Hi All, just a quick post with apologies for the recent silence.  My husband is currently in hospital, rather unexpectedly, and we are far enough away from there to merit my overnight stays nearby rather than trying to get back and forth each day.  This leaves me computerless (too late did I discover that the hospital accommodation supposedly has free wifi!), and so while I have posts brewing in my brain, it may be a few days until I can get back to writing.  It’ll be back and forth the next couple of days by necessity, but it’s more like a flying visit to home, throw clothes in the washer, bravely bear the cat’s guilt-attacks, collect the mail and head back out for the early train in the morning.  Only reason I came home this evening was to handle eBay sales, correspondence, and of course, to assuage the now-wild-eyed cat who, even as I type, sits next to the laptop yowling at me in what amounts to cat cursing.  At least, that’s what the set of her ears is telling me!

Hope to be back soon, believe me…

The Blackening Rant

We’ve discussed the ethics of pen re-blackening on a previous occasion. Let’s now look at the practicalities. Unless there is a system so secret that we don’t know of its existence, re-blackening doesn’t work. Anyone who believes that a pen painted with Syd Saperstein’s noxious potion looks like black hard rubber did when it was new is suffering from a specially virulent strain of terminal self-delusion. The only difference that I can see between a pen re-blackened with that stuff and with boot polish is that the boot polish looks better. It does tend to smell of boot polish and come off on your fingers, but it looks better.

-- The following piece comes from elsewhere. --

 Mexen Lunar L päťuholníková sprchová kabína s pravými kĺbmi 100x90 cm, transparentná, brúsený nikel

I would like to say in the liberal airy-fairy vacant-headed way that so many do that your pen is your own and you can do with it as you wish. You’ve got a fine old Waterman 52 that’s a tad brown. If you decide to re-blacken it, it’s nobody’s business but your own, n’est-ce-pas? Well, no. It may come as a shock to you but you’re going to die one day, and that Waterman 52 will go back into the Great Pen Pool and come back around to be a nuisance to someone like me. So I’m not going to be that wishy-washy liberal oh-so-fair-minded person. Indeed, what I would rather say to you is that if you have the least notion of re-blackening a pen, go out your front door, turn sharp right, turn sharp right again and beat your head on the wall until the idea goes away, or the proposition becomes impractical due to your vision being affected by the blood in your eyes and the onset of concussion.

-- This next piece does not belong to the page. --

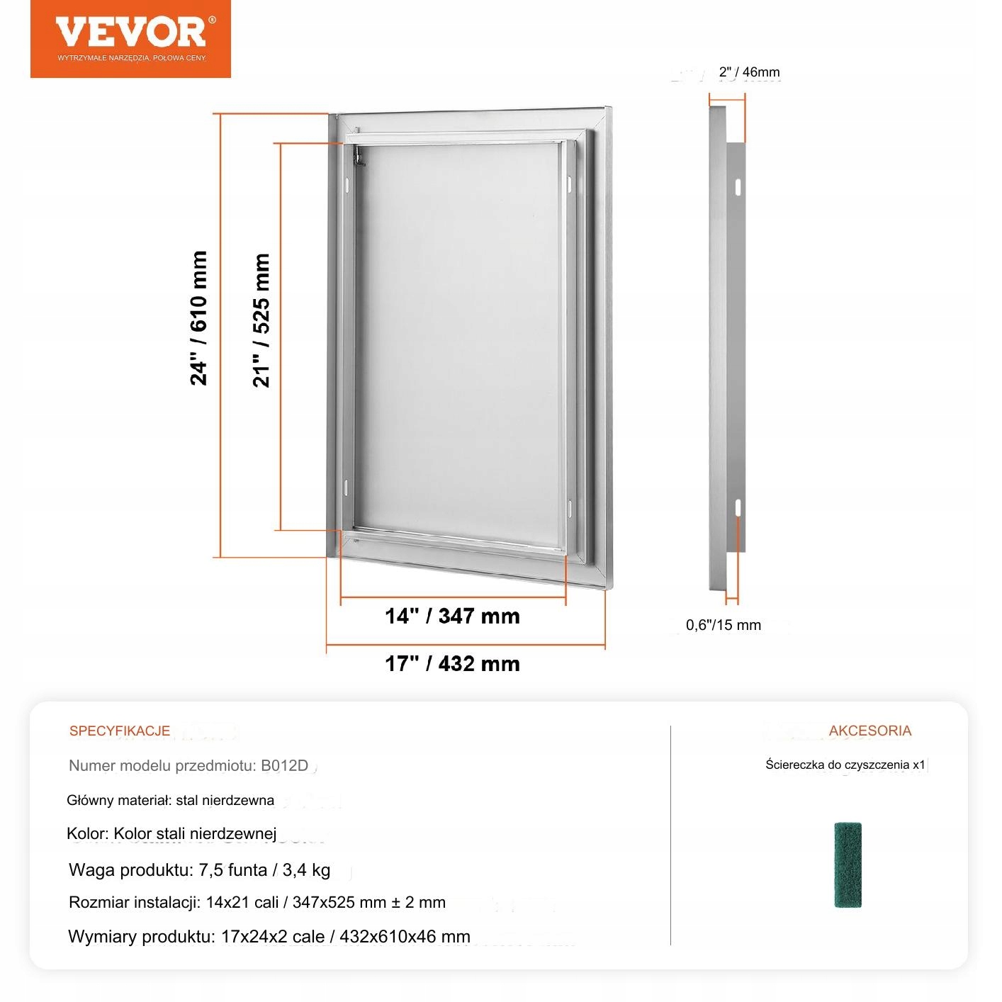Загальні розміри: 432x610x46 мм, розмір кріплення: 347x525 мм, рекомендується зарезервувати додаткові 2 мм для кращої роботи на цій основі. Двері були розроблені спеціально для зовнішніх кухонь та грильових островів, додавши елегантному акценту до зони приготування. Завдяки точним розмірам, їх легко обробити, збирають та розбирають. Доступні в різних розмірах та стилях, вони ідеально підходять для внутрішніх / зовнішніх кухонь та всіх інших погодних умов на вулиці.

Of course, most pens that are re-blackened aren’t re-blackened by innocents for their own pleasure. They are re-blackened by grasping, avaricious crooks, devoid of morality or ethics, just to make a few bucks more regardless of the damage that is done. I spent an hour tonight removing, as best I could, a heavy application of Syd Saperstein’s gunk from an otherwise excellent Swan Safety Screw Cap No2. It looked unbelievably dreadful, as re-blacked pens always do. It looks a lot better now, but nowhere near as good as it did before the paint-happy cretin went to work on it. The notion that you can completely remove re-blackening is a fallacy. Pens with chasing and with the scratches of a century of use will retain blackening, do what you will, to their detriment. Re-blackening a century-old pen of such a high quality as this is simply vandalism. It’s utterly inexcusable and anyone who would do such a thing is no pen lover.

In conclusion, in case you missed it, don’t re-blacken your pens. You are only their temporary custodian. Most of the pens I’m talking about are already older than you and they will outlive you. Treat them with respect. Polish them carefully, with good, appropriate polish. That will make even the most faded pen look more attractive. Use them. The more they are handled, the more they will darken, and the better they will look.

Old things are meant to look old. It’s one of the places where their charm resides. If you want a new pen, buy one and leave the old ones to those of us who appreciate them.